**WHAT TO WORK ON:** Pictures in the listing below are skipped, while the lines from the "Joan Wortis, Gallivanting, 2023, collage" line through the "Proviso High School Marching Band" line are returned word for word.
[Start of Attachment]
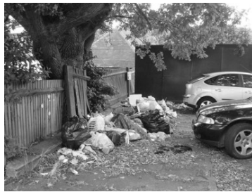
What a contrast! From floral beauty to unsightly rubbish.
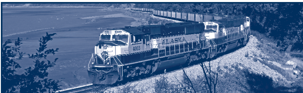
A southbound coal train moves along Turnagain Arm.
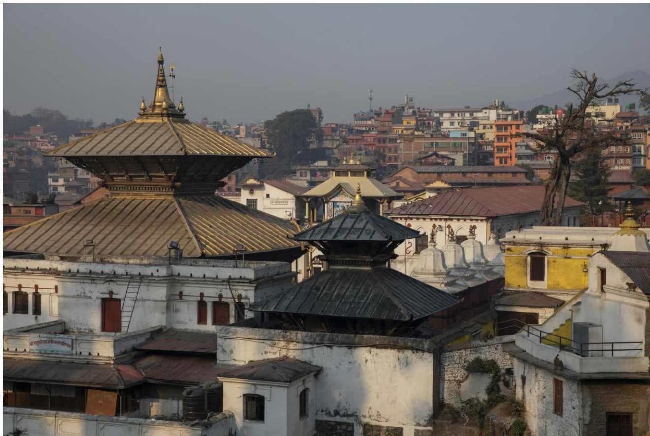
Pashupatinath Temple in Kathmandu Nepal

The rest of the day is free to relax after your international flight or explore nearby streets filled with cafés, trekking shops and lively markets. Meet your trekking guide and prepare for your Himalayan journey.
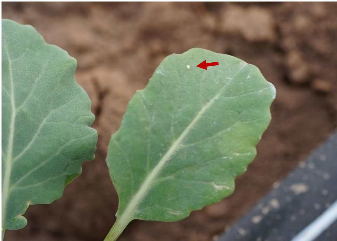
Figure 2. DBM egg on seedling cauliflower plant
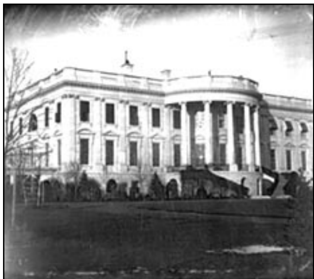
(above) Earliest known photo of the White House, 1846.
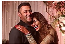
Salman's Wedding Queries to Bipasha-
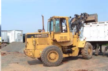
IT 28 PAYLOADER
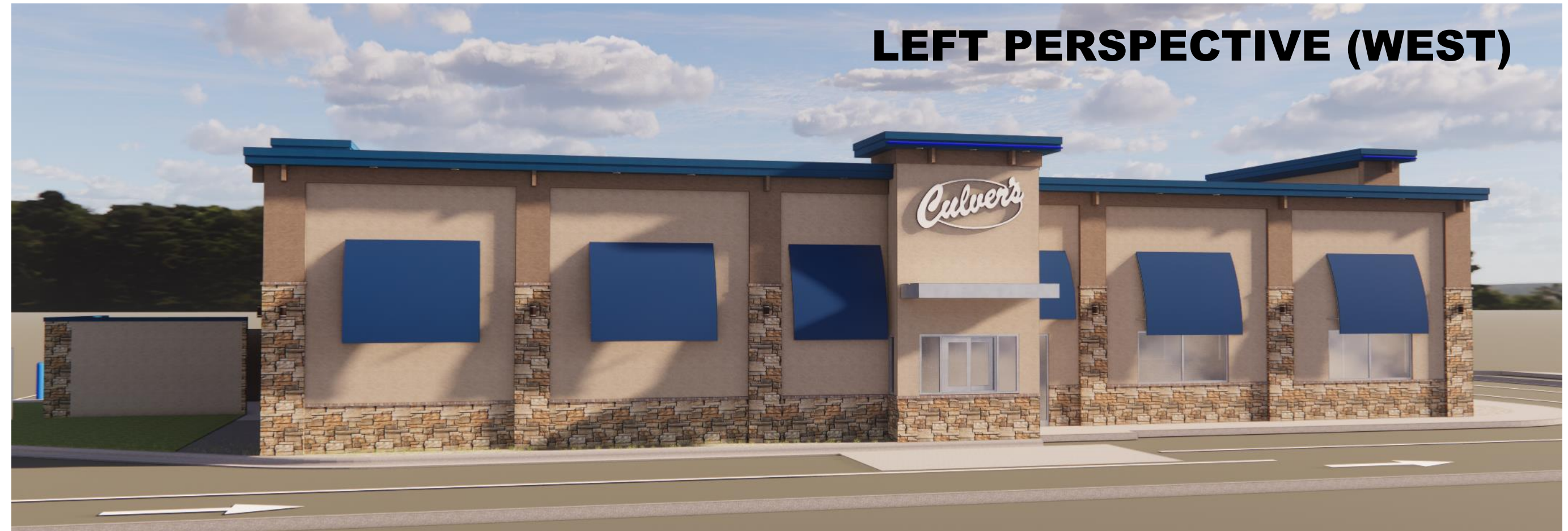
LEFT PERSPECTIVE (WEST)
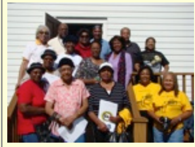
Oklahoma Black Heritage Committee holds quarterly meeting at the historic Verden Separate Schoolhouse
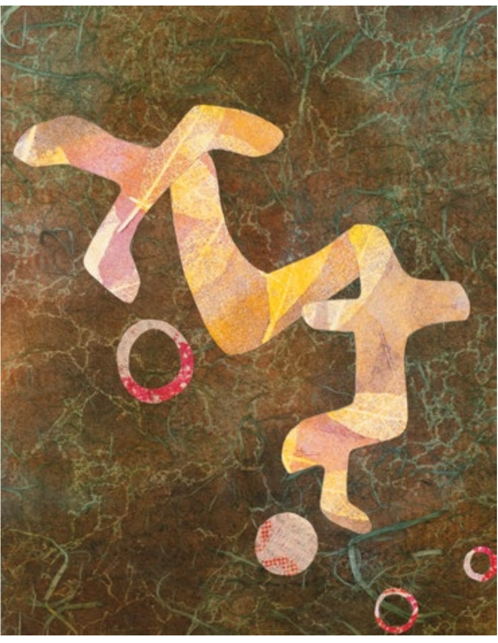
Joan Wortis, Gallivanting, 2023, collage with handmade Japanese paper on panel, 14 x 11 inches
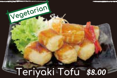
Teriyaki Tofu $8.00
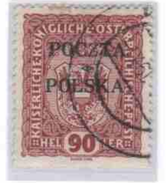
B1 – thin Z
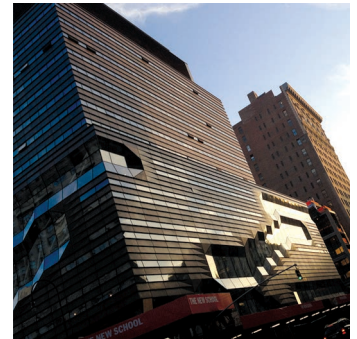
A look at the South side of The New School.
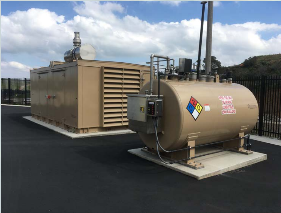
FUEL TANK AND GENERATOR
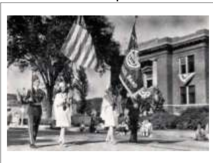
Proviso High School Marching Band

In 1946, the “Veterans Council” was organized from VFW, American Legion and ABC members—as well as returning survivors of the 192 nd —but also other members of the American Legion and Veterans of Foreign Wars. On Bataan Day 1946, the returned heroes of Bataan, who were able, marched down Fifth Avenue in Maywood at the head of the Bataan Day Parade as honored guests of their hometown. On that same day the ABC helped dedicate a memorial in Maywood that featured a light tank, similar to the one that the men of the 192 nd had used in the defense of Bataan.
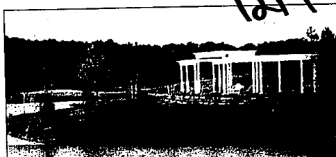
Water is a very big component in the Stonewater development.

"Each partner has decades of experience, and we combined construction, marketing and environmental standards," Mocer added.
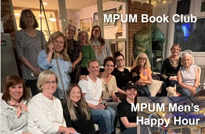
MPUM Book Club
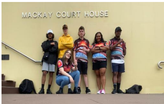
Take One— mmm, someone's missing...

It's challenging, it's changing and it's interesting.
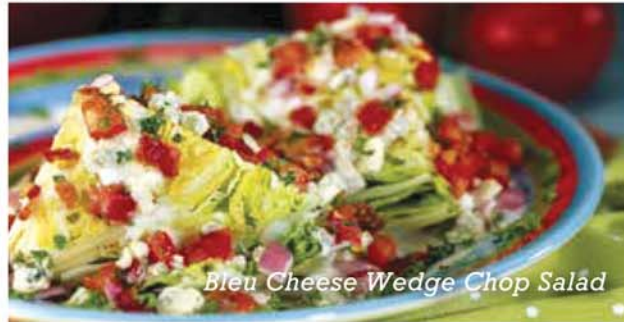
Bleu Cheese Wedge Chop Salad

Chopped iceberg lettuce with red wine vinaigrette, bleu cheese dressing, tomato pesto, bacon, red onions and bleu cheese crumbles. $10
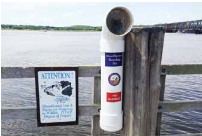
Using waste receptacles like the one above can help prevent situations where wildlife become entangled and die, as seen in the photo on the right of an osprey in Old Lyme.
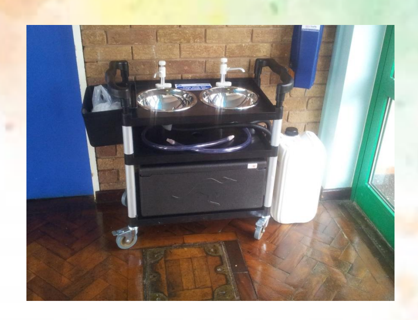
Mobile handwashing unit in the classroom
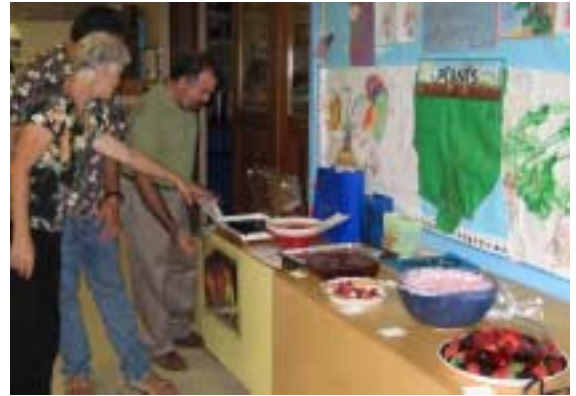
Checking out entries in the Red Jello Contest at LutherFest. Visit the website for more pictures.
[End of Attachment]
**YOUR RESPONSE:**
Joan Wortis, Gallivanting, 2023, collage with handmade Japanese paper on panel, 14 x 11 inches
Teriyaki Tofu $8.00
B1 – thin Z
A look at the South side of The New School.
FUEL TANK AND GENERATOR
Proviso High School Marching Band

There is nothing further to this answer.